We can identify that optimal value depends on the initial value of the experiment. Since our optimization problem is not a convex optimization problem, it may have regarded local optimal value as global optimal value. We have experimented with various initial values. Table 3 shows the mean and standard deviation of the coefficients from the experimental results using randomly selected 11 different initial values.
According to the results of Table 3, only a few of the 11 coefficients are statistically significant, but most of them are not significant. So we analyzed the results that showed the best performance rather than analyzing the effects of the coefficients. The best result is shown in Table 4.
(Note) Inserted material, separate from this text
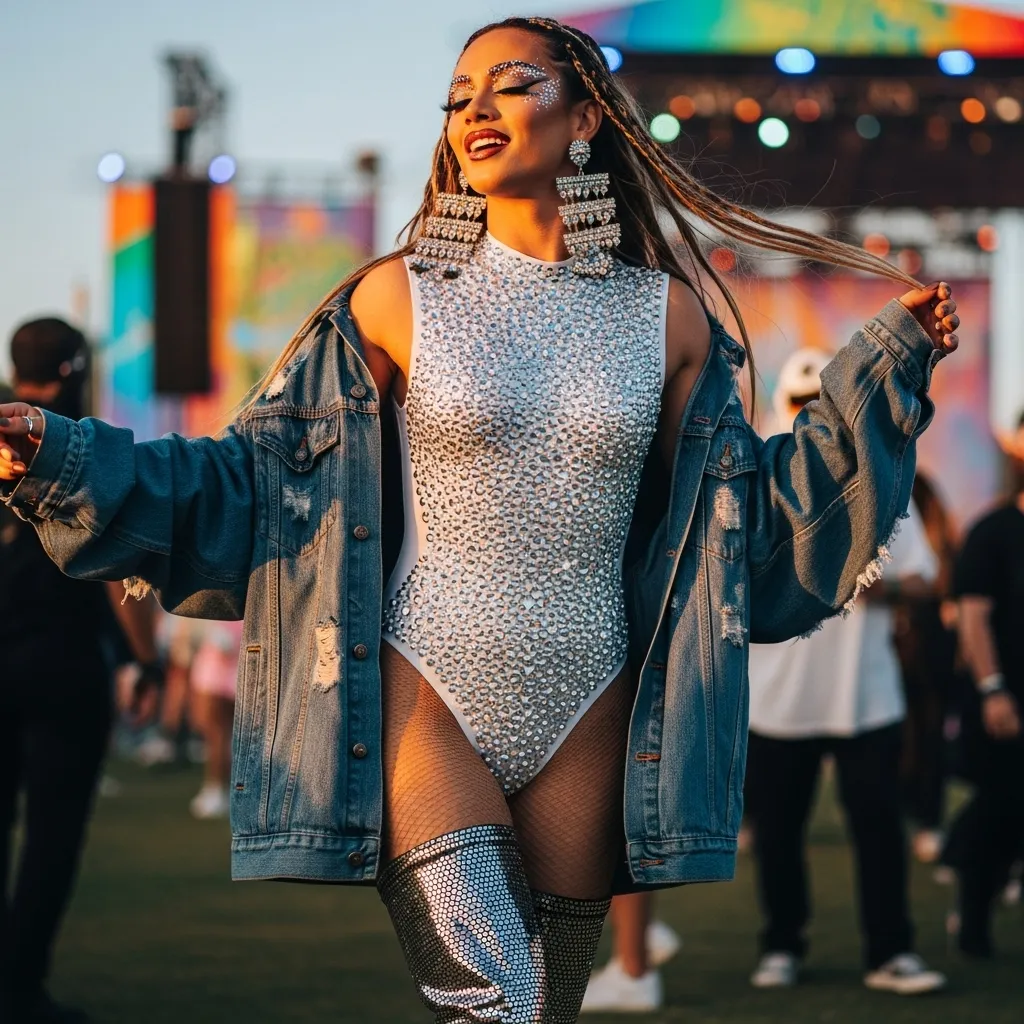 The rhinestone bodysuit with an oversized jacket is the perfect mix of glam and streetwear. The bodysuit sparkles under stage lights, while the oversized jacket adds a casual edge. Paired with thigh-high boots and bold accessories, this look is confident and daring. It’s ideal for festival-goers who love making a statement without sacrificing comfort, offering both dazzling glamour and effortless layering versatility.

Our objective is to find the optimal adjusted Impact Factor that minimizes error rate while reducing the difference between categories. Thus we evaluate the proposed method in two respects; error rate and variance between subject categories.
We can see the error rate from various adjusted Impact Factors in Table 5. We found that our suggested adjusted Impact Factor has lower error rate compared to previous adjusted Impact Factors. The minimum error rate of the existing adjusted Impact Factors is 5.88% and the error rate of our suggested adjusted Impact Factor is 5.04%.
In Figure 2, we compared ordering error counts of 12 metrics. It is the number of combinations of journals whose relative rank reversed compared to original ranks. Our suggested Impact Factor results in 54,130 error counts and it reduces about 10,000 counts compared to the minimum error count of the existing adjusted Impact Factor. Considering the number of papers published in these journals, these results can be regarded as a remarkable reduction. For reference, the difference in the number of combinations of papers is about 1,600,000.
Secondly, what we need to look at is how much new adjusted Impact Factors reduce crosssector volatility. Table 6 shows statistics of proposed adjusted Impact Factor. As shown in Table 6, the standard deviation value of the proposed Impact Factor is the smallest when compared with the existing values. The coefficient of variation (CV), defined as the ratio of the standard deviation to the mean, shows that the proposed method has the smallest variation (10.5134%) in comparison with other methods.
In Figure 3, we can compare average Impact Factor with average adjusted Impact Factor by categories’ distribution. From Figure 3 we can identify that our suggested adjusted Impact factor has reduced Impact factor variance between different categories.
Figure 4 compared average Impact factor and average adjusted Impact Factor in categories related ‘Biology’ and ‘Engineering’. We found that our adjusted Impact Factor is more resonable journal evaluation indicator in aspects of variance of categories.
5. CONCLUSIONS
It is important to evaluate research performance of researchers. Impact Factor has been widely used as an evaluation index. In this study, we propose a method to minimize the error that Impact Factor ranking is changed by finding the optimal combination of the modified Impact Factors to solve the imbalance problem between the research fields of Impact Factor. As a result, the deviation by subject category has been reduced and the error rate has been reduced compared with the existing method. Therefore, the number of damaged journals and papers affected by the change in rankings has been significantly reduced By using F min search method to find optimal value, our model showed error rate of 5.04%, while previous model showed 6.79% on average. Since F min search algorithm is sensitive to the initial value, there is room to improve the results by studying how to set good initial values in further research. We need to apply various algorithms and object functions to find the optimal journal evaluation measure in future study.
Although there are limitations left in evaluating research performance using Impact Factor, the proposed adjusted Impact Factor is expected to be helpful in evaluating researchers from different disciplines.